[Extracted records]
=== Begin Enclosure ===

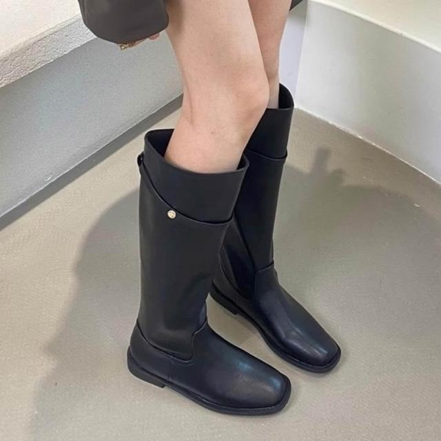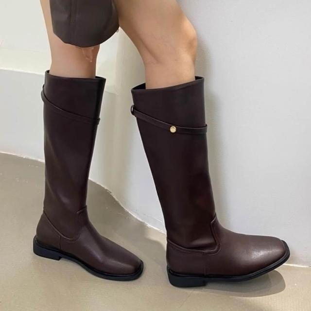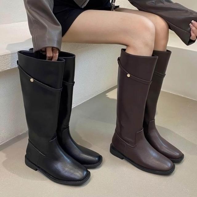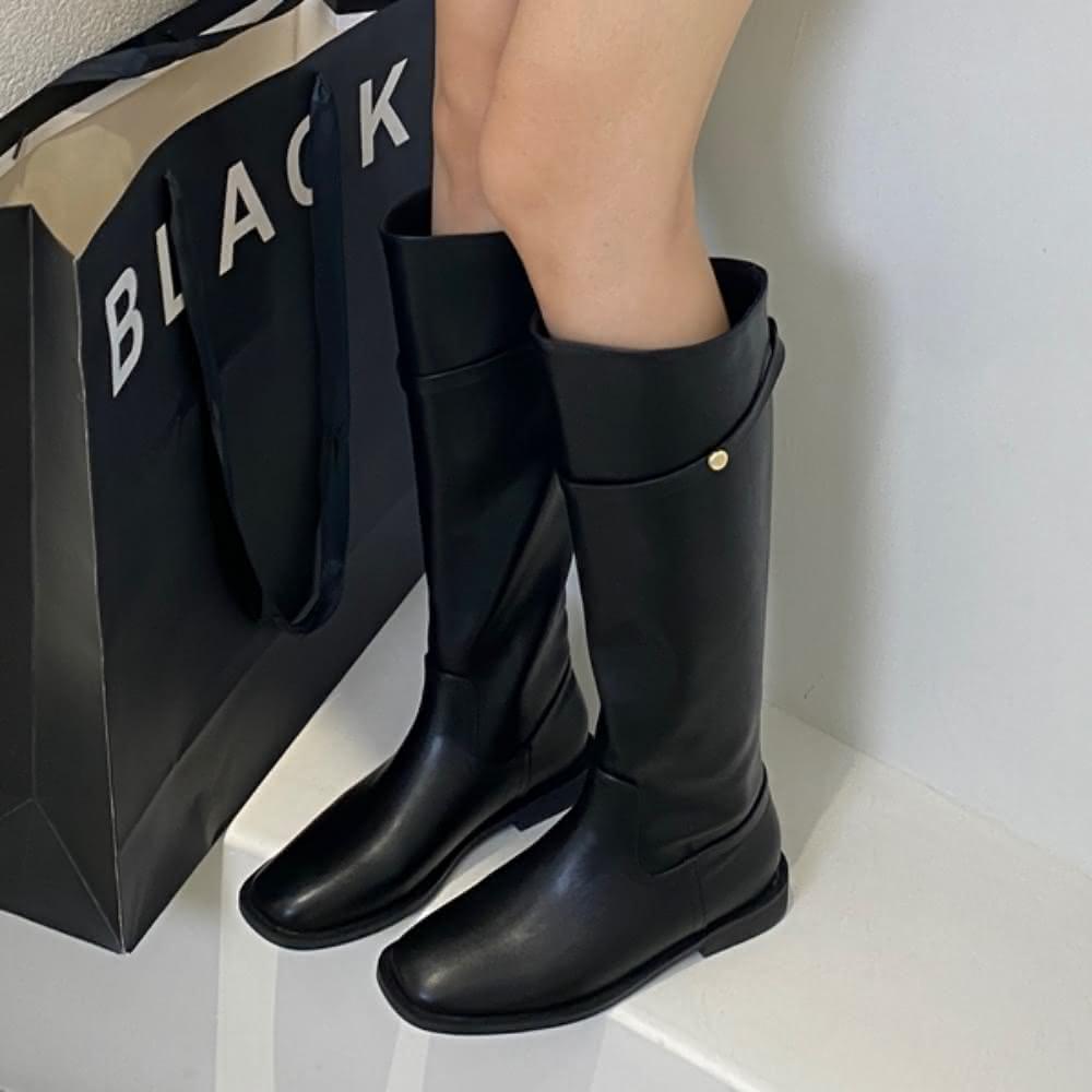 baibeauty 白鳥麗子韓風素面皮革金屬釦方頭寬筒低跟長靴馬靴
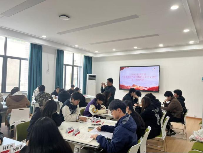 2024年11月20日,2024年秋季学期习近平新时代中国特色社会主义思想学生研学活动在“一站式”学生社区开展,邀请思政课部教师程捍东作为主讲人授课,学工党支部主要负责人、院、系学生会40名同学参加活动。
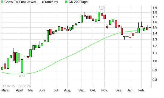 Mit dem Anstieg auf 1,49 EUR hat die CHOW TAI FOOK JEWEL.-Aktie am 16.02.2026 die 200-Tage-Linie nach oben gekreuzt.
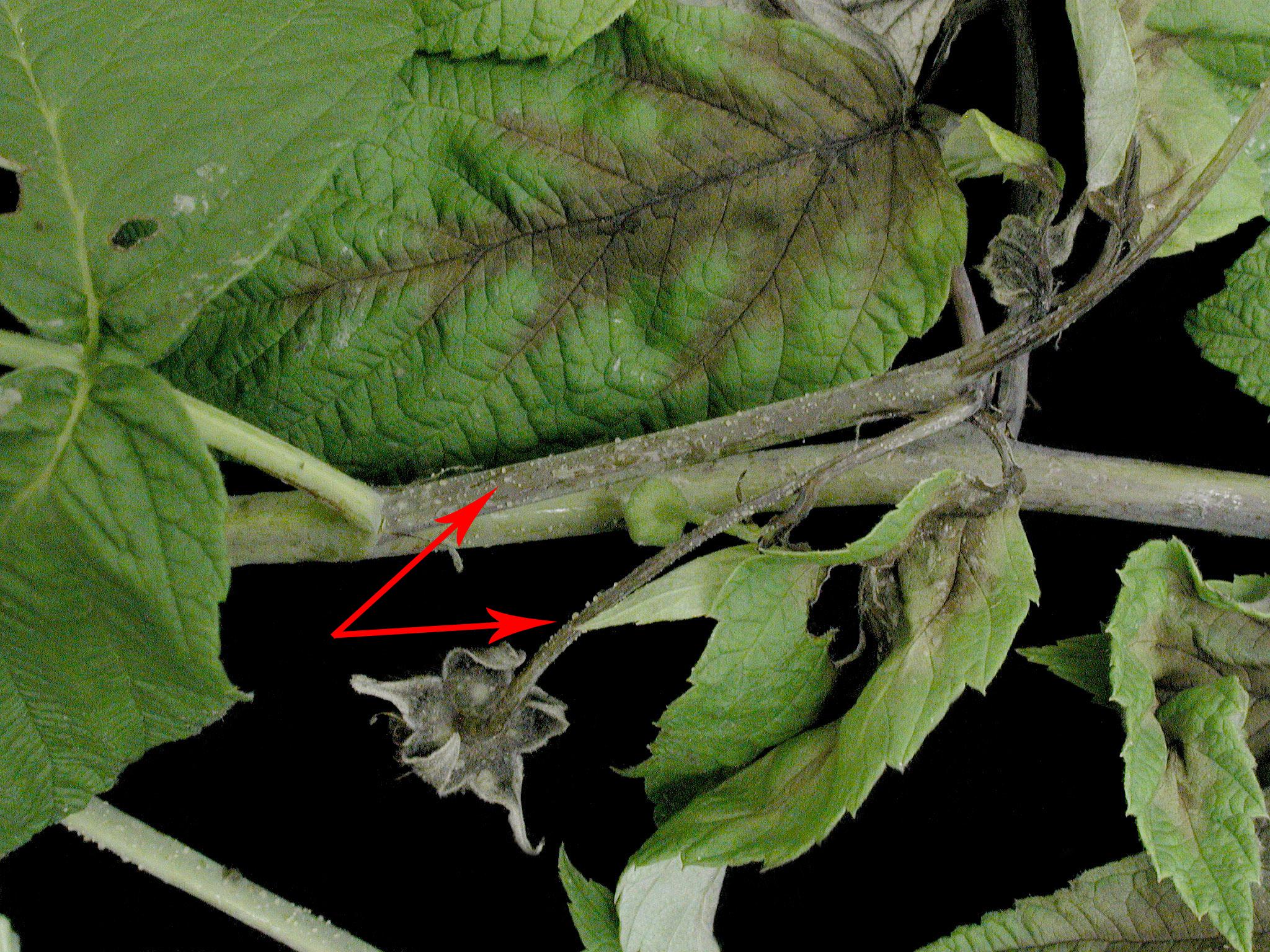 Sur les folioles de framboisier d’automne, le brunissement débute au niveau du pétiole, se propage dans les nervures qui deviennent brunes, puis le limbe bruni. Sur le pétiole des fleurs et des feuilles, des gouttelettes blanches et épaisses d'exsudats bactériens sont visibles (voir flèches). Le test de laboratoire a révélé la présence de la bactérie Erwinia amylovora, responsable de la brûlure bactérienne (feu bactérien) chez le framboisier.
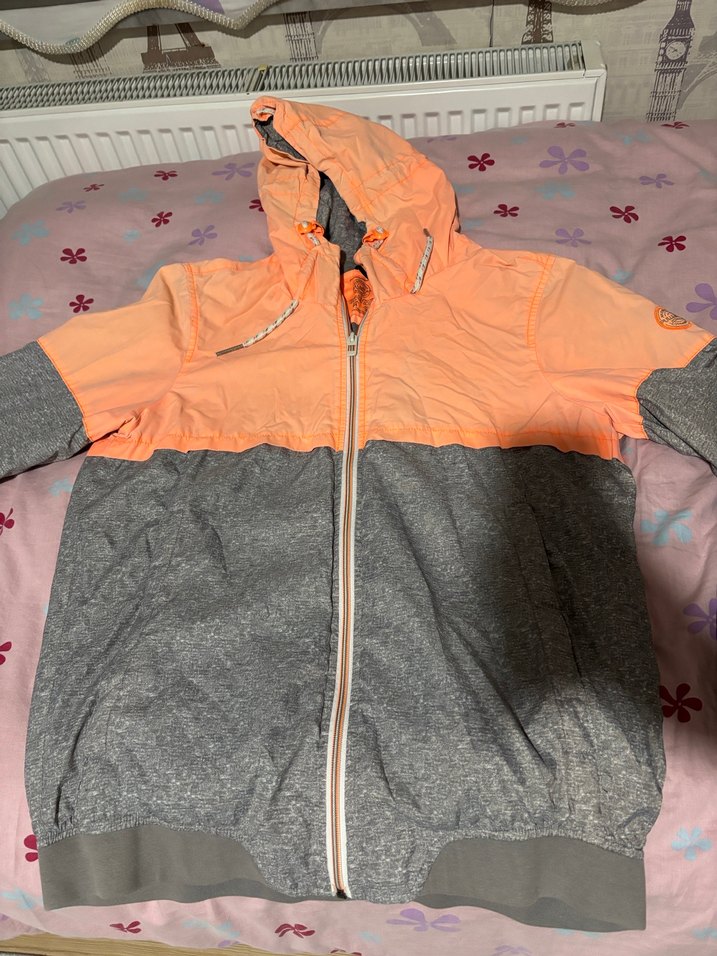 Kadınlar için, uzun kollu ve yüksek yakalı, fermuarlı, gri ve turuncu renklerde rahat kesimli bir ceket. Yumuşak ve sıcak kumaştan üretilmiştir, günlük kullanım için uygundur.
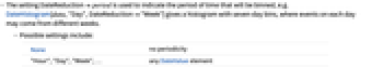 - The setting DateReductionperiod is used to indicate the period of time that will be binned, e.g. DateHistogram[data,"Day",DateReduction"Week"] gives a histogram with seven-day bins, where events on each day may come from different weeks.
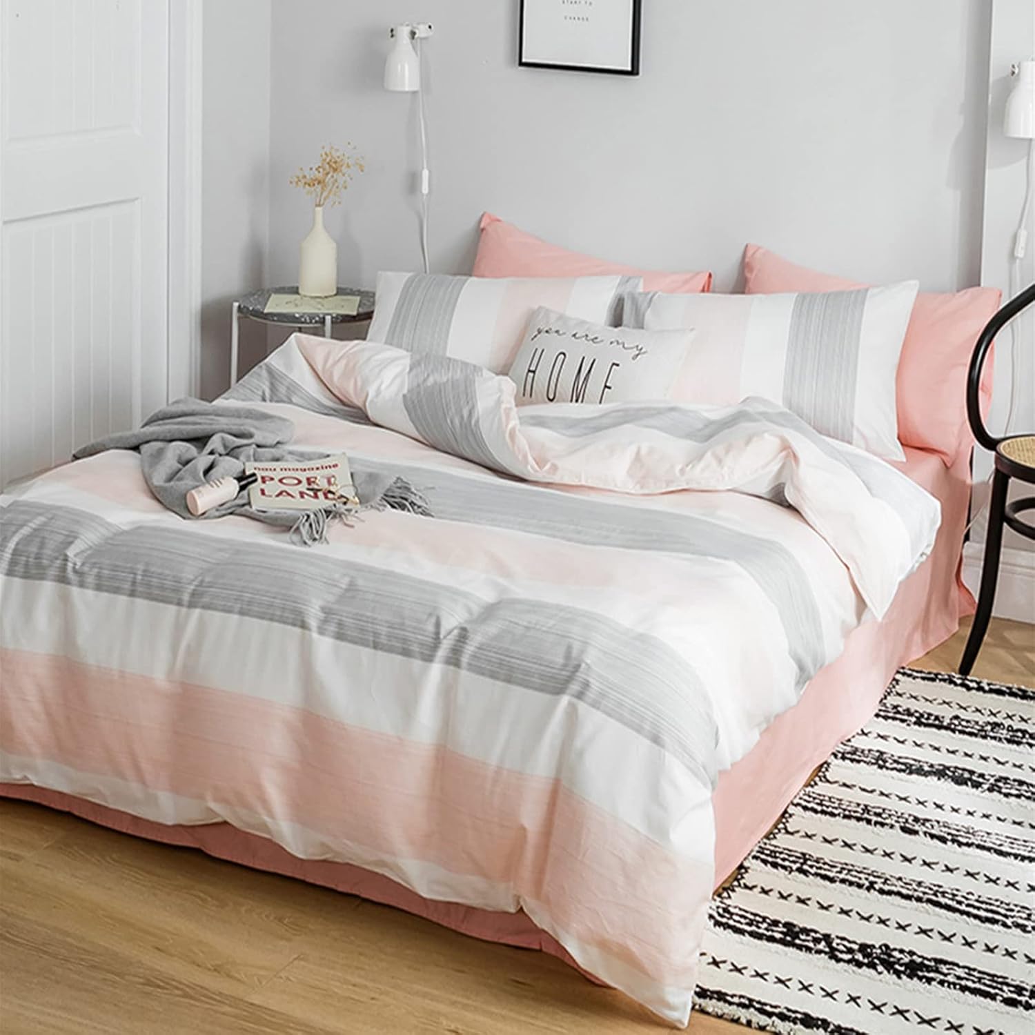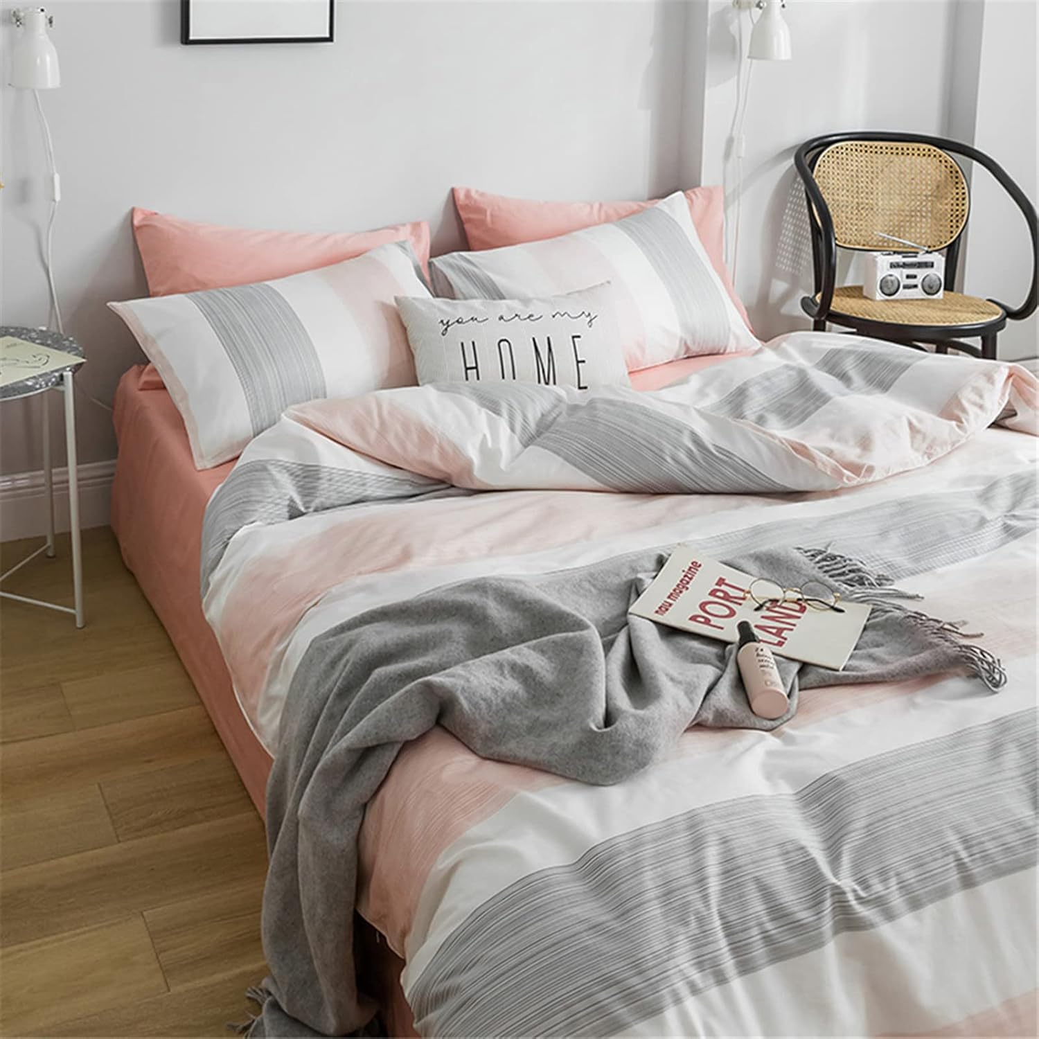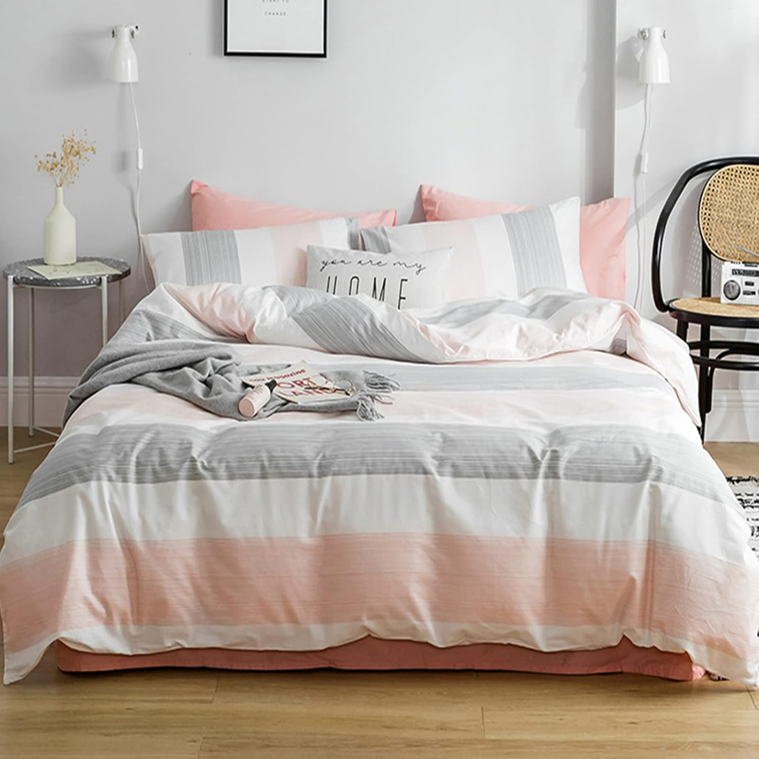 Bring a fresh and stylish touch to your bedroom with this 3-piece set that includes a duvet cover and two coordinating pillow shams. The reversible design lets you switch between bold geometric white and pastel pink patterns, giving your space a versatile and modern look. Made from ultra-soft premium cotton, this duvet cover is breathable, hypoallergenic, and perfect for all seasons.

=== End Enclosure ===

(Goal of the exercise) From the line containing "Kadınlar için, uzun" through the last line of the records above, reproduce every line exactly, leaving out the pictures.

(Solved exercise)
 Kadınlar için, uzun kollu ve yüksek yakalı, fermuarlı, gri ve turuncu renklerde rahat kesimli bir ceket. Yumuşak ve sıcak kumaştan üretilmiştir, günlük kullanım için uygundur.
 - The setting DateReductionperiod is used to indicate the period of time that will be binned, e.g. DateHistogram[data,"Day",DateReduction"Week"] gives a histogram with seven-day bins, where events on each day may come from different weeks.
 Bring a fresh and stylish touch to your bedroom with this 3-piece set that includes a duvet cover and two coordinating pillow shams. The reversible design lets you switch between bold geometric white and pastel pink patterns, giving your space a versatile and modern look. Made from ultra-soft premium cotton, this duvet cover is breathable, hypoallergenic, and perfect for all seasons.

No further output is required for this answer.